Haven't seen that one but if you get Netflix I'd recommend the Starz series Spartacus. It was very violent and a bit of soft core porn but also had a great plot and fabulous dialogue. Hb and I watched it from start to finish and couldn't wait for each episode.
_Posted via Mobile Device_


----------



## VixNz (Jun 22, 2015)

lifeistooshort said:


> Haven't seen that one but if you get Netflix I'd recommend the Starz series Spartacus. It was very violent and a bit of soft core porn but also had a great plot and fabulous dialogue. Hb and I watched it from start to finish and couldn't wait for each episode.
> _Posted via Mobile Device_



Thank you for the recommendation!


----------



## lifeistooshort (Mar 17, 2013)

VixNz said:


> Thank you for the recommendation!


It has lots of well spoken hot men for your viewing pleasure 
_Posted via Mobile Device_


----------



## Lostinthought61 (Nov 5, 2013)

not only do i recall that show but i also downloaded it, very good show and spicy...its great for starting conversations as well.


----------



## badsanta (Oct 13, 2014)

Californication can be spicy at times. 

My favorite scene is where after Runkle gets divorced that he actually starts dating a porn star and she teaches him how to last longer in bead.


----------



## VixNz (Jun 22, 2015)

Xenote said:


> not only do i recall that show but i also downloaded it, very good show and spicy...its great for starting conversations as well.
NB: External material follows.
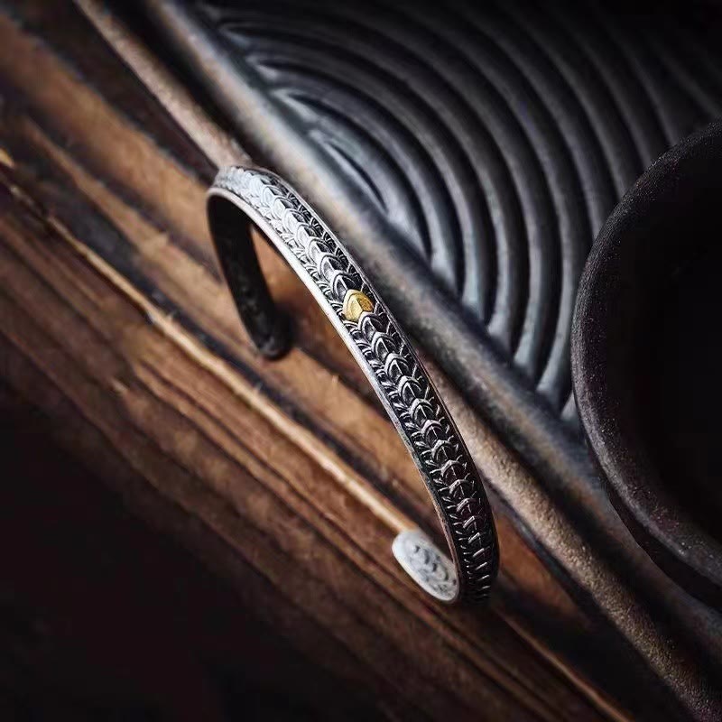 Vintage Dragon Scales Pattern Luck Wealth Cuff Bracelet Bangle

I'm pretty picky...I like hot and spicy but. not to hardcore, my ex husband really put me off porn, even nudity in movies and shows and things.
I'm getting more comfortable with it tho.


----------



## Lostinthought61 (Nov 5, 2013)

I agree with mantle, it was certainly not hardcore, and sex in the show was part of the plot and not just a add in....the story line (from what i recall it has been years) was very good and just about everyone in a relationship to can relate to parts of it.


----------



## Tango in Triple Time (Jul 14, 2015)

I laughed so hard at the sex scene in Spartacus where one spouse is calmly talking to the other spouse while f*cking a third party, all the while eating grapes or something. No heavy breathing, no look of pleasure, just f*ucking movements.


----------



## Average Joe (Sep 2, 2015)

"Togetherness" on HBO is pretty well done, very nuanced and subtle. I like that. W says I remind her of the Mark Duplass character, which I'm not sure how I feel about.


----------



## VixNz (Jun 22, 2015)

Thanks so much guys for all the ideas and recommendations!


----------